Right now I'm rewriting a part of Avogadro's code; the reason is, molecules in Avogadro contain some atom and bond information, as well as a graph data structure. I added some extra metadata to speed up many operations, but Geoff suggested that I move that into the graph (which makes sense). Problem is, the molecule code wasn't relying on that graph in the slightest, and trying to do so revealed it's basically nonfunctional... So a small optimization turned refactoring has now become a full-fledged rewrite :)

I've also finished my third 3D-printable PCB manufacturing device prototype. Hopefully I'll be able to try it within the coming days and report the results on

Most notably, I've fixed two more bugs in avogadrolibs, and I've contacted the Debain and Ubuntu maintainer teams to get all three fixes merged in time. Overall, working with the Avogadro 2 codebase feels pretty straightforward; it's basically a full rewrite of the original Avogadro, under the Open Chemistry umbrella.

I'm knees deep into designing the code for my project! I want to make a very extensible base to build on top of, so that involves some careful planning, especially around the data storage paradigm. Storing “data” might not be sufficient, because “data” can only be interpreted in a particular context; “knowledge” could be a more useful philosophy to work with, involving the storage of both data and enough context to understand it by itself.

I've also ordered some tungsten nozzles and ball bearings, and designed some specific stuff, but otherwise not much. I have an exam tomorrow, so I've dedicated the week to studying. I hope it plays out well...

I wish I could have done more this week, but unfortunately there are many times when one can only powerlessly watch and grieve; a feeling I, and any other person in the medical field, are familiar with. And one that might be more widespread these last few days, as violence and despair unfolds right before our eyes, once again, affecting millions of unwilling people for interests way beyond them... Maybe I'm missing the politics involved here, but honestly, doctors should worry about people first, and maybe that's the right mindset in general.

Last week I focused on studying, which is likely not of interest to anybody... But this week's activity is! I've been hard at learning the Rust programming language. What for? Well, because I intend to write all code for the Big Project in it :)

Rust is truly wonderful. It has most features one can desire, is rooted in formal theories and, more importantly, offers the highest reliability for a language almost as fast as C. I only miss a stable ABI for plugins and low-level stuff, but I'll work around that in due time.

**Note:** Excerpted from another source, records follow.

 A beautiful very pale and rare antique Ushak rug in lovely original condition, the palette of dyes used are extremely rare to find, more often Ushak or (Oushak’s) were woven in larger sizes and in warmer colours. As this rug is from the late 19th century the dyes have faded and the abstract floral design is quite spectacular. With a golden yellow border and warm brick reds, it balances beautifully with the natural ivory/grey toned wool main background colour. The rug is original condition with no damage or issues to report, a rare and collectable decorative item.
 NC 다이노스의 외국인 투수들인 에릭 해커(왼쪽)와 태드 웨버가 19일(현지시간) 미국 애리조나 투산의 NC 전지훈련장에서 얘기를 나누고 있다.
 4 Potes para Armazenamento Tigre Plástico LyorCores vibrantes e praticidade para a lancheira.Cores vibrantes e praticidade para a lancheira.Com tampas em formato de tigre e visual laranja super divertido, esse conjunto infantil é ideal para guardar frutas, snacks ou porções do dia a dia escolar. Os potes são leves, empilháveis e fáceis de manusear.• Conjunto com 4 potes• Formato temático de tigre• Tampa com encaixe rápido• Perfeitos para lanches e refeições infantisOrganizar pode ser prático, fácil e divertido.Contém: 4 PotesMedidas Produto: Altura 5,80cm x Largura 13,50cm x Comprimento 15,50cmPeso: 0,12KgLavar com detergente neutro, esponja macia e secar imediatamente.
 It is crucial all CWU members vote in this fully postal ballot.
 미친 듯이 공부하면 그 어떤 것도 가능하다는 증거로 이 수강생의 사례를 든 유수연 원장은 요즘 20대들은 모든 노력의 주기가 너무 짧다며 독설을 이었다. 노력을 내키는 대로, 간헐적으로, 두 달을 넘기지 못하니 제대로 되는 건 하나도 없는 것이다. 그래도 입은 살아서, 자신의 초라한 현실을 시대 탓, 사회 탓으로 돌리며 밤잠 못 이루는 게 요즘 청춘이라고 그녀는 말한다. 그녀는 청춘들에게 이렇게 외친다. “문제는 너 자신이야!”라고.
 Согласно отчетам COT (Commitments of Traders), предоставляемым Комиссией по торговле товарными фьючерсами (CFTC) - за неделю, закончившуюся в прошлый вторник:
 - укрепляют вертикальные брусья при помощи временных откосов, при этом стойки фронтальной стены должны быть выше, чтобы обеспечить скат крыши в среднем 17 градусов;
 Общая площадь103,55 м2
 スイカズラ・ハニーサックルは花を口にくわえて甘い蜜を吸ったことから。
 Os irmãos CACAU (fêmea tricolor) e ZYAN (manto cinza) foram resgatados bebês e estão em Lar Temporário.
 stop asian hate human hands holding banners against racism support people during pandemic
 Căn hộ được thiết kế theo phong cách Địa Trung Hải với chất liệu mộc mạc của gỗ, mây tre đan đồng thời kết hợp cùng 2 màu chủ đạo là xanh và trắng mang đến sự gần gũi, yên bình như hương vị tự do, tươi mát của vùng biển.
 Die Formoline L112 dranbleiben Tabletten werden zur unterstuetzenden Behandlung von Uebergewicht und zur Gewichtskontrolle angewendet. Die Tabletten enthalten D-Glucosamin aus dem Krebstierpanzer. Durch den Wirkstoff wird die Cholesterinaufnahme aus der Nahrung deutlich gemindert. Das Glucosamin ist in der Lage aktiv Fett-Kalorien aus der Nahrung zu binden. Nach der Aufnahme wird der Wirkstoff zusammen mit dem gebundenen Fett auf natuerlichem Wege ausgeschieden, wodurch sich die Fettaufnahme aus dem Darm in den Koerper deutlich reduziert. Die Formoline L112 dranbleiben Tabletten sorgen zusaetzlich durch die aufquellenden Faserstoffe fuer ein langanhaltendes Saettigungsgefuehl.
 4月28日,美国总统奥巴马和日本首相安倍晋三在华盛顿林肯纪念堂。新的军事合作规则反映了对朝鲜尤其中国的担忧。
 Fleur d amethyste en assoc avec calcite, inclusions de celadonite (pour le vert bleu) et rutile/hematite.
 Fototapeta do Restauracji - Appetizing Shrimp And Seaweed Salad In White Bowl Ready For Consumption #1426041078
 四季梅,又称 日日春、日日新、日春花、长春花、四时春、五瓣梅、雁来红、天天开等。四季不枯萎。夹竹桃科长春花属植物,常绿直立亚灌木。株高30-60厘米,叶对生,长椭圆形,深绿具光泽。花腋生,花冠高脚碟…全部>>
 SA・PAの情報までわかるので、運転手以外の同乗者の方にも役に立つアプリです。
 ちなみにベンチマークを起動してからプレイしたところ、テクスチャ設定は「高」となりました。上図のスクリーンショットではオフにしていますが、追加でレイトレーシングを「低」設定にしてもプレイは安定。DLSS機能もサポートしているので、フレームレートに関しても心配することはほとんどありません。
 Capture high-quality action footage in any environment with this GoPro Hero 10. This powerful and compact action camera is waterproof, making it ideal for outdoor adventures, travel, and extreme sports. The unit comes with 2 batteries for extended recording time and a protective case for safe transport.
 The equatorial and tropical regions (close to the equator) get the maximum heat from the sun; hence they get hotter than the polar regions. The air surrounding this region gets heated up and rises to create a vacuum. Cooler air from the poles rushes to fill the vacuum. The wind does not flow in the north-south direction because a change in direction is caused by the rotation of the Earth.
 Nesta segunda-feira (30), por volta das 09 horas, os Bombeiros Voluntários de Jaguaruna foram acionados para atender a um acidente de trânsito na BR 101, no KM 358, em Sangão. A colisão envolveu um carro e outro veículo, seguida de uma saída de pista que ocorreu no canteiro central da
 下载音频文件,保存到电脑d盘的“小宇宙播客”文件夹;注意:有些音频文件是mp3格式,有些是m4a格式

Remember that sub-project of mine to 3D-print circuits? Well, I've uploaded it to my account. For now it's just a description of the mechanics and the start of a log of my work. You can read more about it there!

If you don't want to, here's a TL;DR: I want to use my custom scripts to print tiny water-tight channels and then make use of electroplating to grow copper crystals along them, controlling the process so it's reproducible and the copper actually bonds with all contacts (and the voltage doesn't fry anything!). Once I get a prototype that works, I'll upload all the files to Hackaday; I'm making a third prototype right now, after getting modest results with the previous two.

And, regarding my Big Project again... I'm in the initial design phase for its code. Which means I'm redacting a huge LaTeX document with things like design goals and code organization, and I've yet to write a single line of it ;). I don't typically dedicate that much time to design, but this one's really important (and also really complex), and I believe I'll otherwise regret it down the road.